Darren continuava a camminare all’indietro verso la porta, e lui iniziò a raggiungerlo come in uno stupido balletto in cui ci si rincorre sempre, sempre, alla spasmodica ricerca uno dell’altro. Di modo che non se ne vada mai più. Non sempre va a buon fine. Non quando il ritmo che si intraprende non è lo stesso; al momento Darren non seguiva il suo, per quanto Chris si sforzasse di stare a tempo.

“Darren, aspetta.” Rantolò col cuore in gola, e per una volta si concesse di provare qualcosa per lui, senza maschere, senza che fosse nel cuore della notte o attorniato dalle piastrelle fredde della doccia.

“Fammi spiegare – “

“Non c’è niente da spiegare, Chris. Lo so, va bene così.”

“No, non va bene così. Non è come credi.”
Darren era già arrivato alla porta, e lui riuscì a raggiungerlo col fiatone di un maratoneta.
Aveva appena percorso 70 metri quadrati, e li aveva percorsi col cuore fra i piedi.

Solo un sorriso, su quelle labbra piene e così baciabili, smorzato dal rossore di un pianto in procinto di sbocciare, e che Chris non avrebbe visto quando l’altro si voltò verso la porta ancora chiusa.  “Non credo niente, C. È per questo che fa male.”
Il tono arreso con cui lo disse fece fremere Chris di paura. Che forse, stavolta, arrendersi per Darren poteva essere un’opzione, ma non per lui. “So perché sei venuto qui.” Disse, abbassando lo sguardo.

Darren aveva la mano sulla maniglia della porta, ma si bloccò. Il volto ancora chino verso il basso, mentre la silenziosa attesa delle parole che seguivano diventava lacerante.

“Non sei nei ringraziamenti di A Grimm Warning. Lo so che sei offeso, lo so che ti ha fatto male – “

“Non è questo, Christopher.”

“ – fammi finire tu, ora. È questo, ma sai cosa stavo scrivendo, prima che arrivassi?” Il silenzio che seguì lo incoraggiò a non smettere, nonostante il riccio iniziasse ad abbassare, con estenuante lentezza, la maniglia del portone di casa.

“I ringraziamenti dell’ultimo libro. E tu sei lì. L’ultimo della lista.” Darren aprì la porta senza guardarlo in volto, così come Chris deviò lo sguardo dalla schiena del collega ad una pallina di gomma arancione abbandonata per terra. La preferita di Cooper. Era un’ammissione che gli era costata tutto – tutte le belle parole e i buoni propositi che si era detto da solo e che aveva raccontato agli altri. Peggio delle storie che scriveva per milioni di persone.

“L’ultimo della lista… Lo fai suonare quasi come se fosse un posto d’onore.”
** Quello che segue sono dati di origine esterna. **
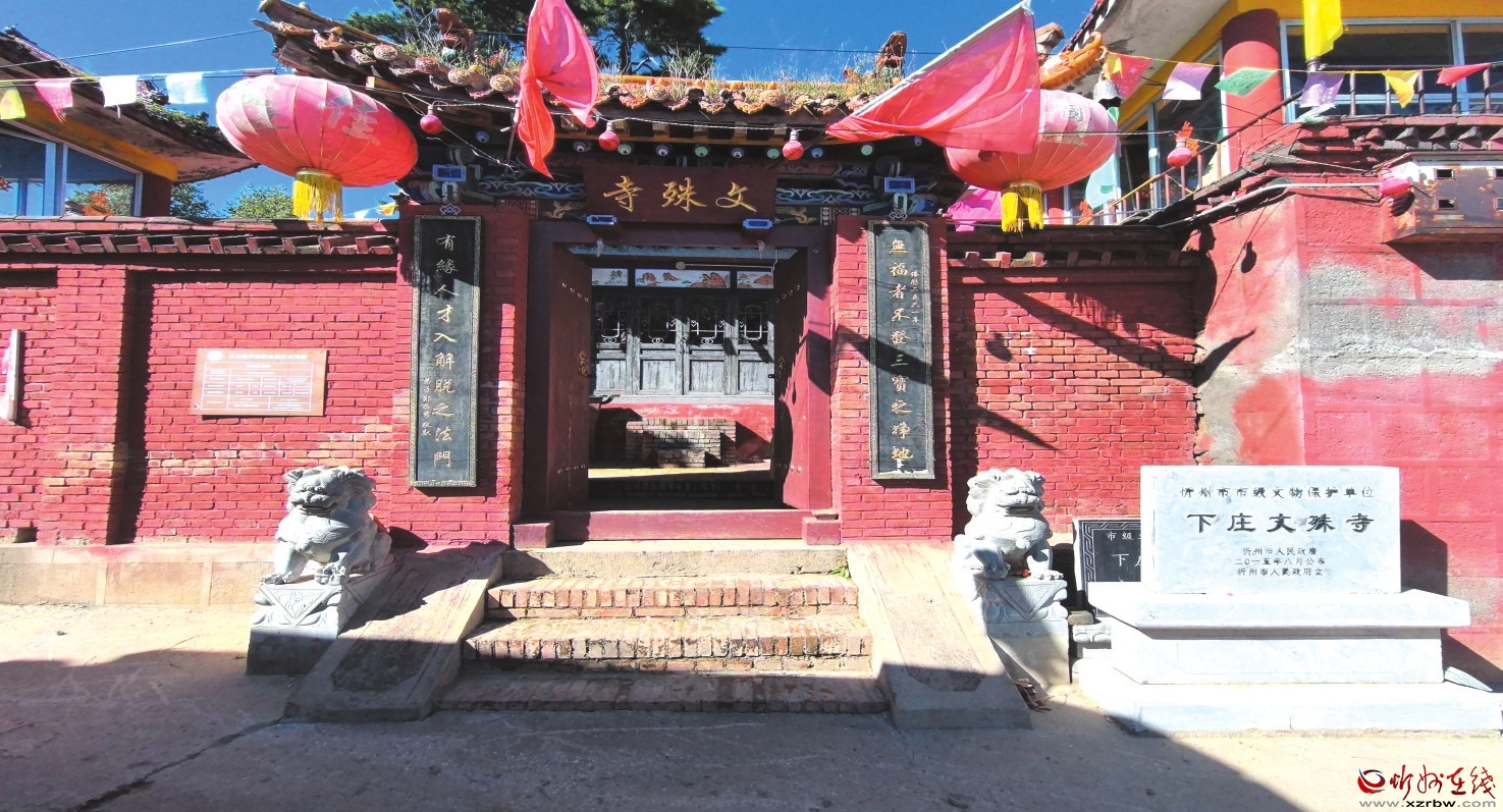下莊文殊寺位于五臺(tái)縣東雷鄉(xiāng)下莊村中,始創(chuàng)年代不詳,現(xiàn)存建筑為明代所建。寺廟坐北向南,占地面積368平方米。山門一間,中置板門。正殿面寬三間、進(jìn)深五椽,前出廊(此走廊屬清代遺構(gòu),為后期加接),廊柱施斗拱,大斗口內(nèi)出跳,兩側(cè)帶有雕花翼拱。檐柱頭斗拱為五踩,其下昂已被鋸掉(現(xiàn)存昂嘴為清代更換的如意昂式);平身科斗拱亦為五踩。當(dāng)心間設(shè)門,兩次間設(shè)直欞窗。

Chris inspirò, non pronto ad un prossimo attacco, ma sicuramente in procinto di incassarlo. Come tutti gli altri.

“Eppure, nonostante lo sia, perché continua a farmi così male?”

Christopher non lo guardò sparire oltre la porta. Probabilmente neanche udì lo scatto della serratura automatica, né lo scodinzolare di Cooper nei paraggi. Non udì neanche il telefono squillare nuovamente, per le due volte a seguire.

Il silenzio che seguì fece male. Dilaniò lo spazio e il tempo.

Rimase lì, con le parole di Darren impresse sul petto ed un gigantesco senso di vuoto a carpire le membra.
Rimase lì, sfinito e sconfitto, inerme ancora una volta,  in balia della corrente del mondo, sperando che in un modo o nell’altro, quei fottuti ringraziamenti, potessero diventare qualcosa di più a discapito di tutto il resto.